-------- Supplied entries --------

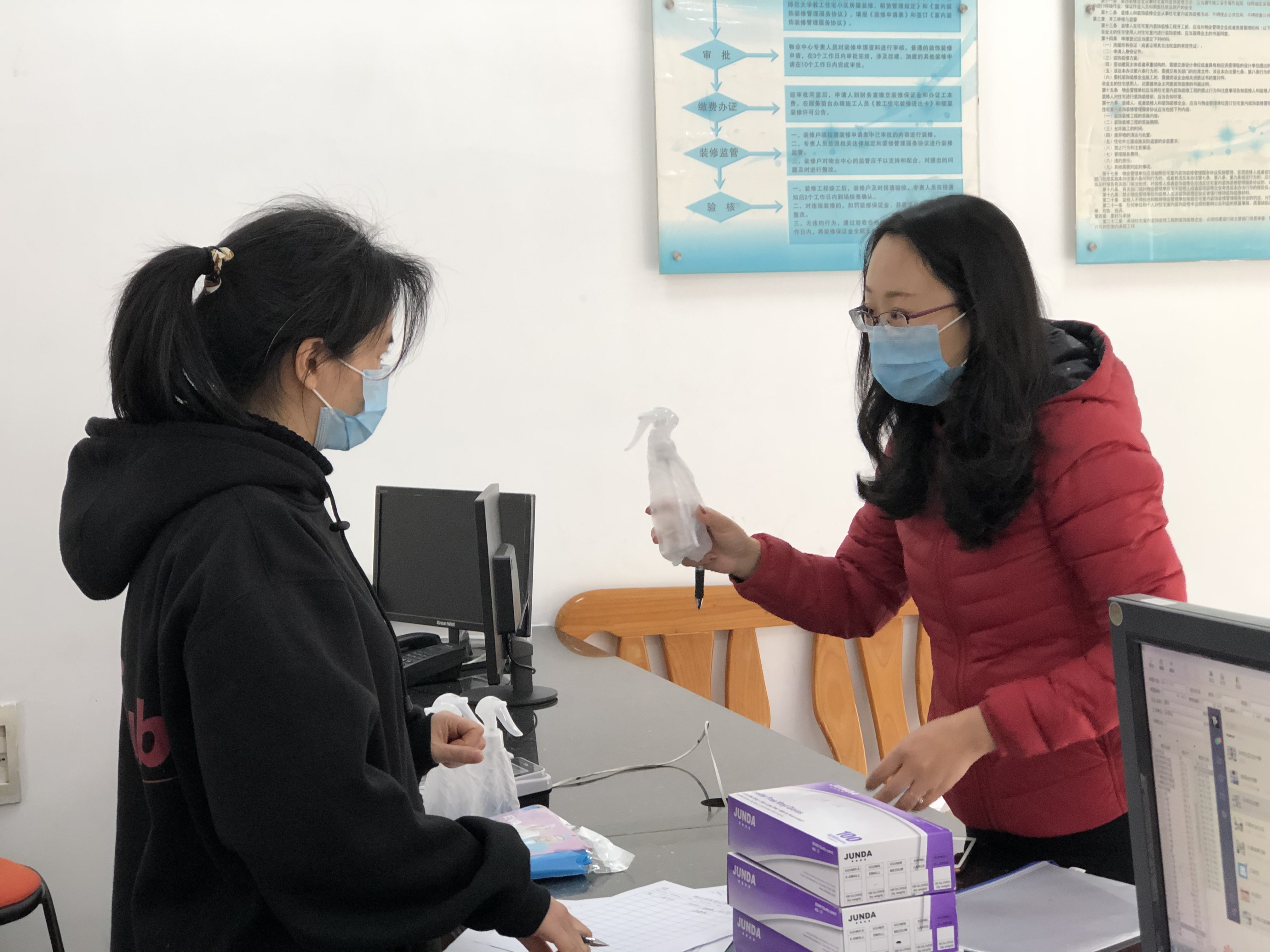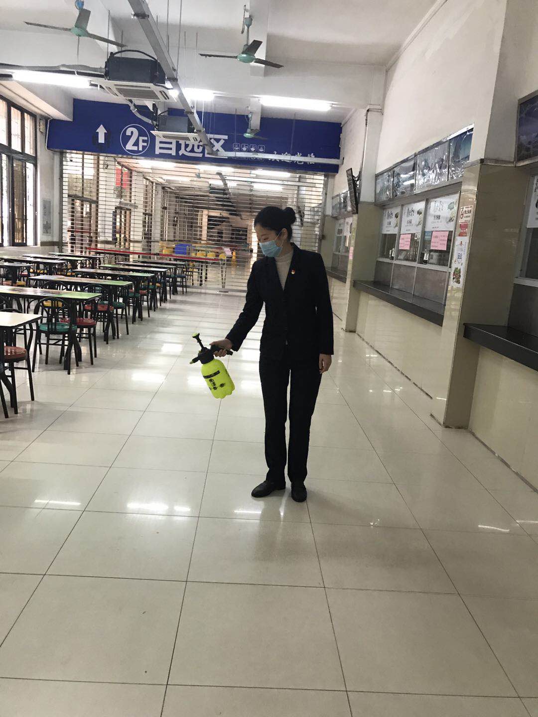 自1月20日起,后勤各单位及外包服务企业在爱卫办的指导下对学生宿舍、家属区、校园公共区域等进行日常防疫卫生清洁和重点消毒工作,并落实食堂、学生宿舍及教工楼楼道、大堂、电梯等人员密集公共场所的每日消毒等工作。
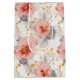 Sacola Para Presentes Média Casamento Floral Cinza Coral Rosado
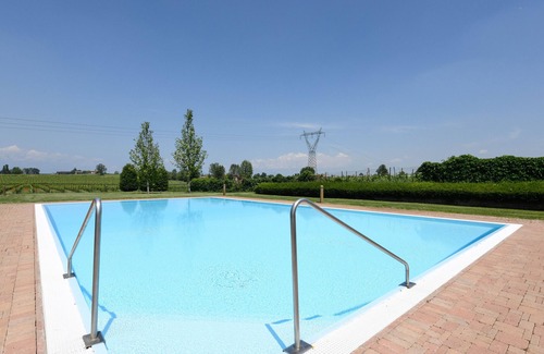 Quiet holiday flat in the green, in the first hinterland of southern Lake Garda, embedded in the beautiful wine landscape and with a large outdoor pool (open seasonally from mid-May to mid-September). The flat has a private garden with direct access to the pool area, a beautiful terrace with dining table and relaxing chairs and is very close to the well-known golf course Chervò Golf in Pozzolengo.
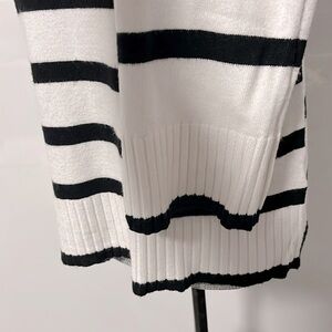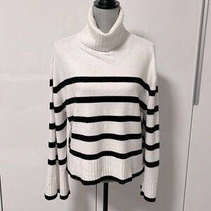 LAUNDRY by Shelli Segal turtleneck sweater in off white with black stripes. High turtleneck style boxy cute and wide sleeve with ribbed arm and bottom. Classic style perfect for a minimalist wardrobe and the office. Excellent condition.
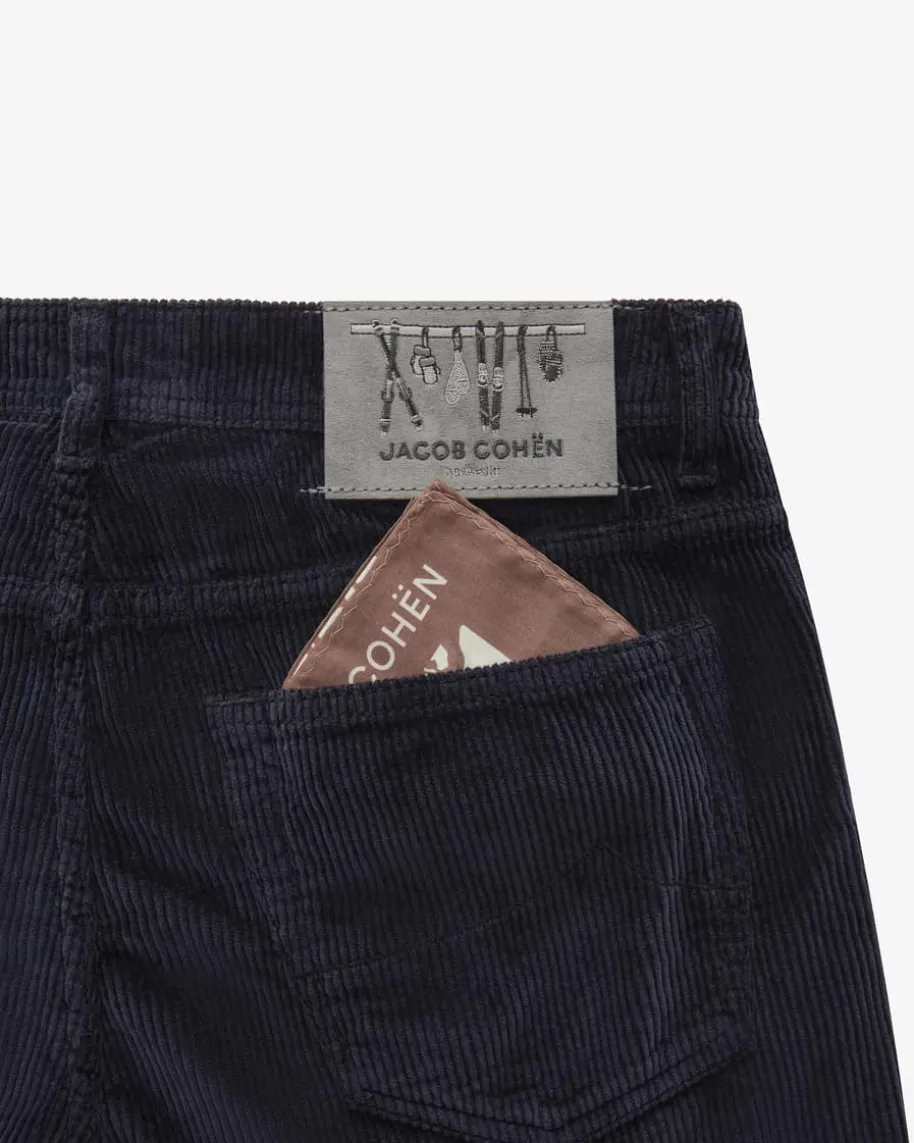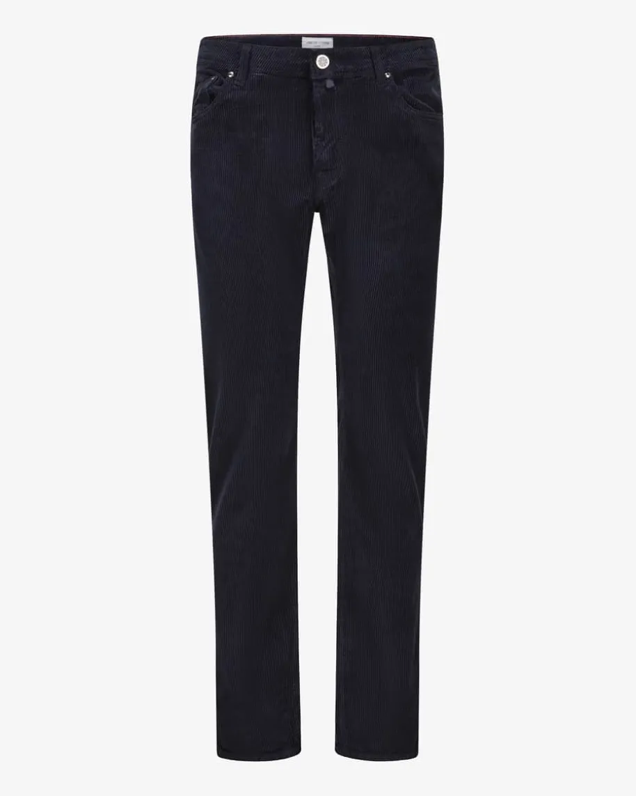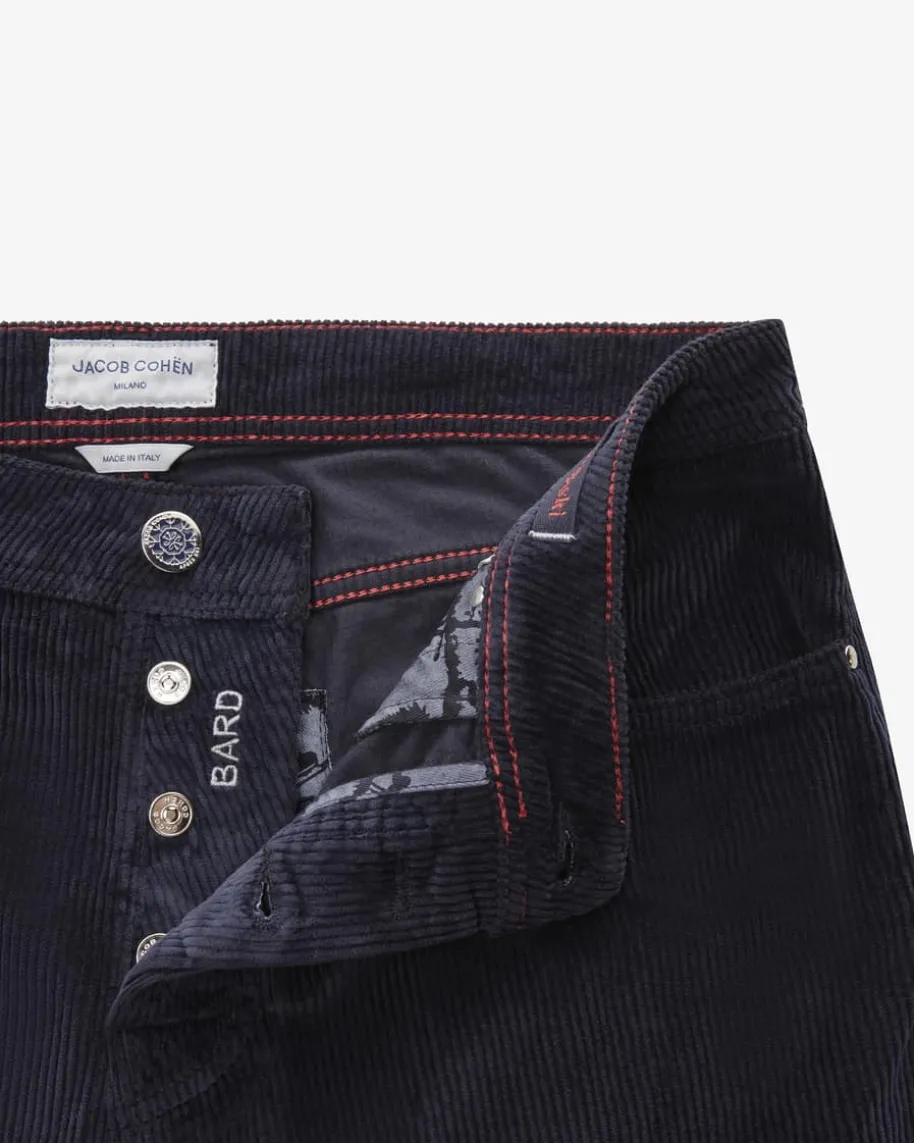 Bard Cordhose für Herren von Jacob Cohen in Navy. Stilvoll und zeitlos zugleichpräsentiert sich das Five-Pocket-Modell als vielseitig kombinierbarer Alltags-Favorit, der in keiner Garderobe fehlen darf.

--------

[What the exercise asks] Word for word, repeat all of the entries above, leaving out the pictures.

[Exercise answer]
 自1月20日起,后勤各单位及外包服务企业在爱卫办的指导下对学生宿舍、家属区、校园公共区域等进行日常防疫卫生清洁和重点消毒工作,并落实食堂、学生宿舍及教工楼楼道、大堂、电梯等人员密集公共场所的每日消毒等工作。
 Sacola Para Presentes Média Casamento Floral Cinza Coral Rosado
 Quiet holiday flat in the green, in the first hinterland of southern Lake Garda, embedded in the beautiful wine landscape and with a large outdoor pool (open seasonally from mid-May to mid-September). The flat has a private garden with direct access to the pool area, a beautiful terrace with dining table and relaxing chairs and is very close to the well-known golf course Chervò Golf in Pozzolengo.
 LAUNDRY by Shelli Segal turtleneck sweater in off white with black stripes. High turtleneck style boxy cute and wide sleeve with ribbed arm and bottom. Classic style perfect for a minimalist wardrobe and the office. Excellent condition.
 Bard Cordhose für Herren von Jacob Cohen in Navy. Stilvoll und zeitlos zugleichpräsentiert sich das Five-Pocket-Modell als vielseitig kombinierbarer Alltags-Favorit, der in keiner Garderobe fehlen darf.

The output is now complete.